Orders were placed for the 28 new build Valentias to Specification 30/34, with a further 54 being converted from Victorias (Type 278 within the company), with production continuing until 1936.
In 1938 a version with Pegasus IIM3 engines (which offered improved 'hot and high' performance) was supplied for service with one flight of No. 31 Squadron then based in Lahore.
The Valentia first entered service with No. 70 Squadron RAF at Hinaidi, Iraq in 1934, equipping British forces in India, Persia and Iraq.
Like the preceding Vernons and Victorias, the Valentias were extensively used for transport operations in the Middle East, and when necessary used for bombing operations with bomb racks under the wings. Valentias were also experimentally fitted with loudspeakers used to address people being overflown (in this case potentially rebellious tribes during air policing duties). The Valentia was also used for experiments with aerial refuelling by Alan Cobham.
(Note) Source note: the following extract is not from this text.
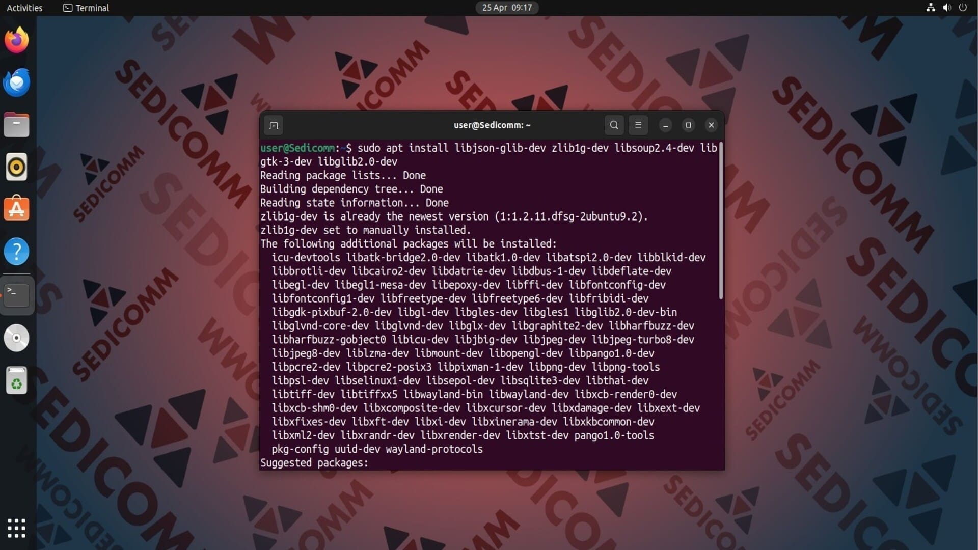 libjson-glib-dev— предоставляет зависимости для чтения и записи данных JSON в приложениях на базе GLib;zlib1g-dev— используется для сжатия данных;libsoup-3.0-dev— предоставляет высокоуровневый API для отправки HTTP-запросов и обработки ответов, упрощая разработку сетевых приложений;libgtk-3-dev— применяется для создания графических пользовательских интерфейсов;libglib2.0-dev— предоставляет типы и структуры данных и служебные функции для программирования на C.

Valentias were used for night bombing operations over the Western Desert in 1940. In service with No. 31 Squadron RAF and the RAF Communications Flight Iraq, they took part in the 1941 Siege of RAF Habbaniya and subsequent operations. They then remained in service with the Communications Flight Iraq (later Iraq & Persia) until 1944. The South African Air Force pressed a Valentia into service as a bomber in the East African Campaign in 1940–41.
The Valentia was replaced as a transport in RAF service by the Bristol Bombay.